§ **ASSIGNED TASK**: Retype the lines below exactly, from the one that contains "Completed on Christmas" through the last, and leave every picture out.

============================================================

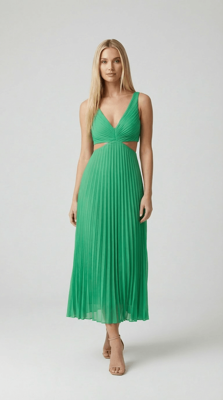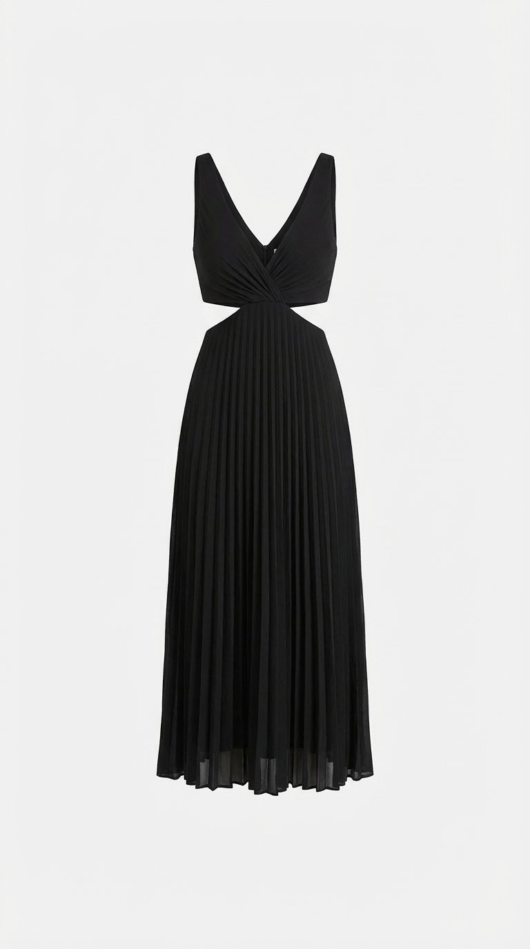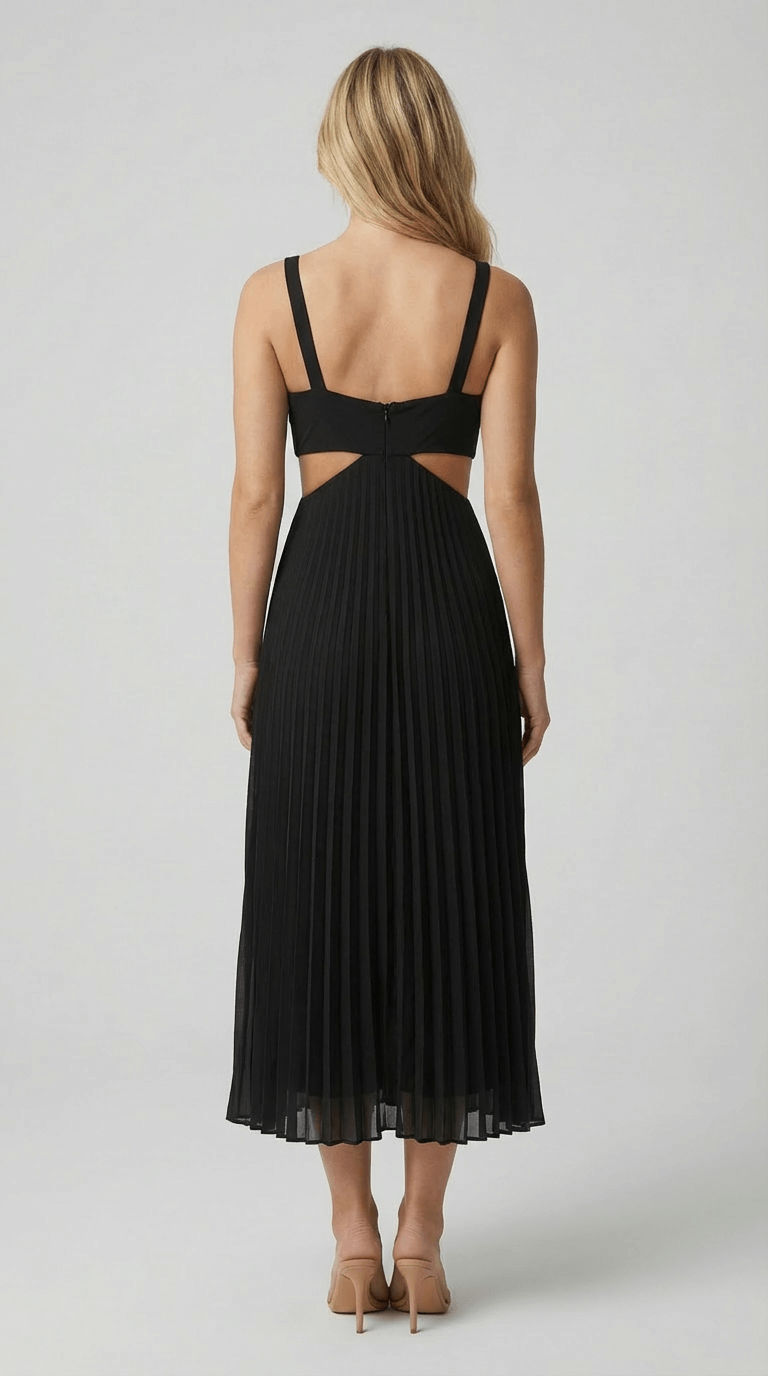 Alana Pleated Cut-Out Midi Dress
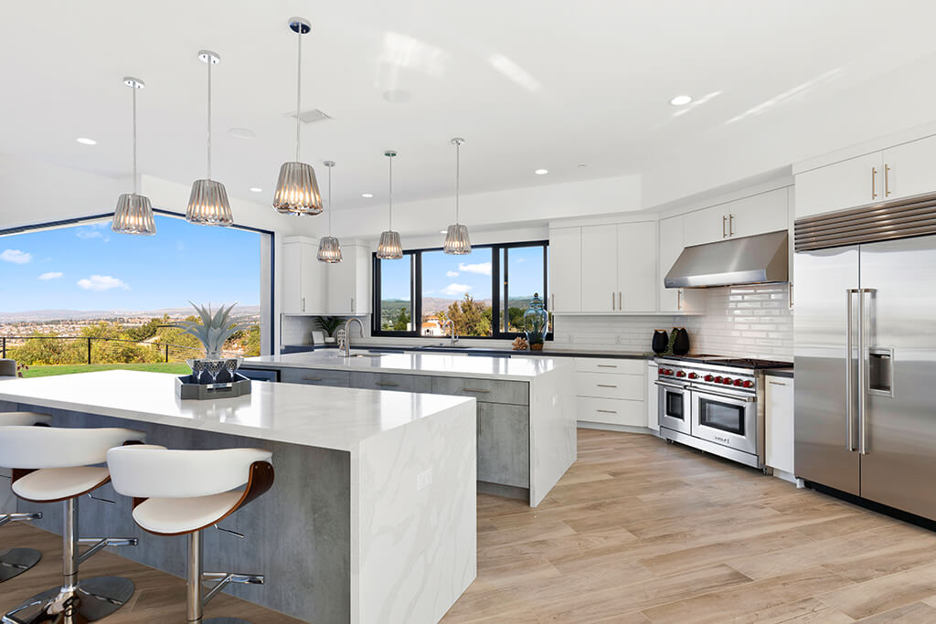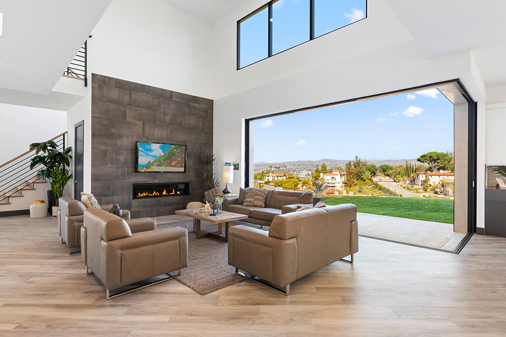 Completed on Christmas eve. 2019 and sold early 2020, this is a 5,500 square foot modern style house with 5 bedrooms, an office, loft, and a large great room with pocket doors with seamless transition into the backyard. doors opening to backyard with panoramic views to the Anaheim Hills.
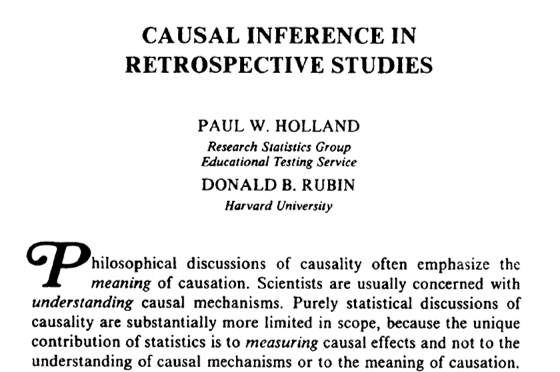 Figure 1.1. This single statement by Holland and Rubin in 1987, co-creators of the Potential Outcomes Model for counterfactual causal inference,
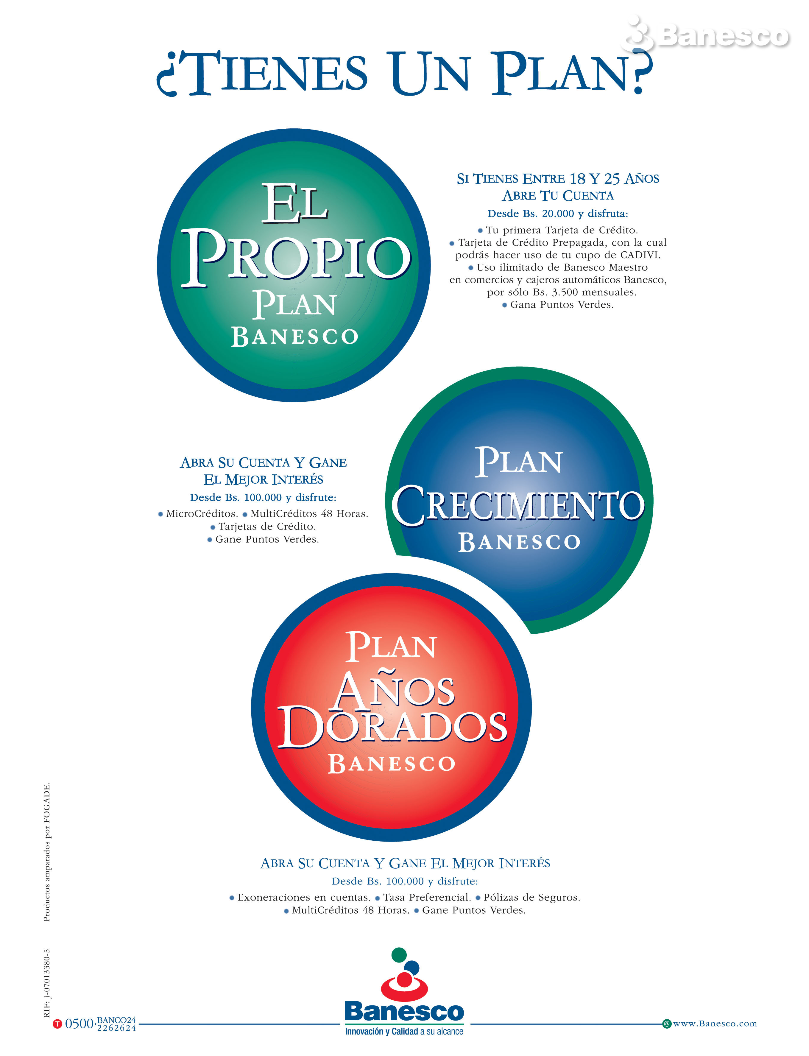 Abra su cuenta y gane el mejor interés con el Propio Plan, Plan Crecimiento y Plan Años Dorados.
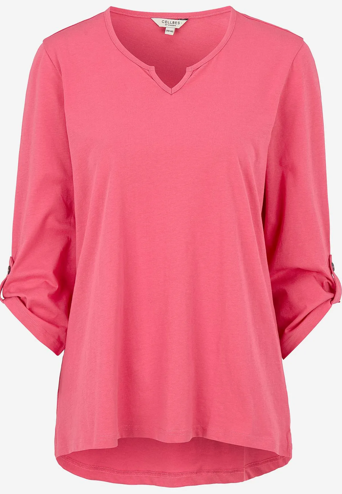 • 3/4-långa, uppvikbara ärmar med slejf och knapp.

============================================================

§ **TASK RESPONSE**:
 Completed on Christmas eve. 2019 and sold early 2020, this is a 5,500 square foot modern style house with 5 bedrooms, an office, loft, and a large great room with pocket doors with seamless transition into the backyard. doors opening to backyard with panoramic views to the Anaheim Hills.
 Figure 1.1. This single statement by Holland and Rubin in 1987, co-creators of the Potential Outcomes Model for counterfactual causal inference,
 Abra su cuenta y gane el mejor interés con el Propio Plan, Plan Crecimiento y Plan Años Dorados.
 • 3/4-långa, uppvikbara ärmar med slejf och knapp.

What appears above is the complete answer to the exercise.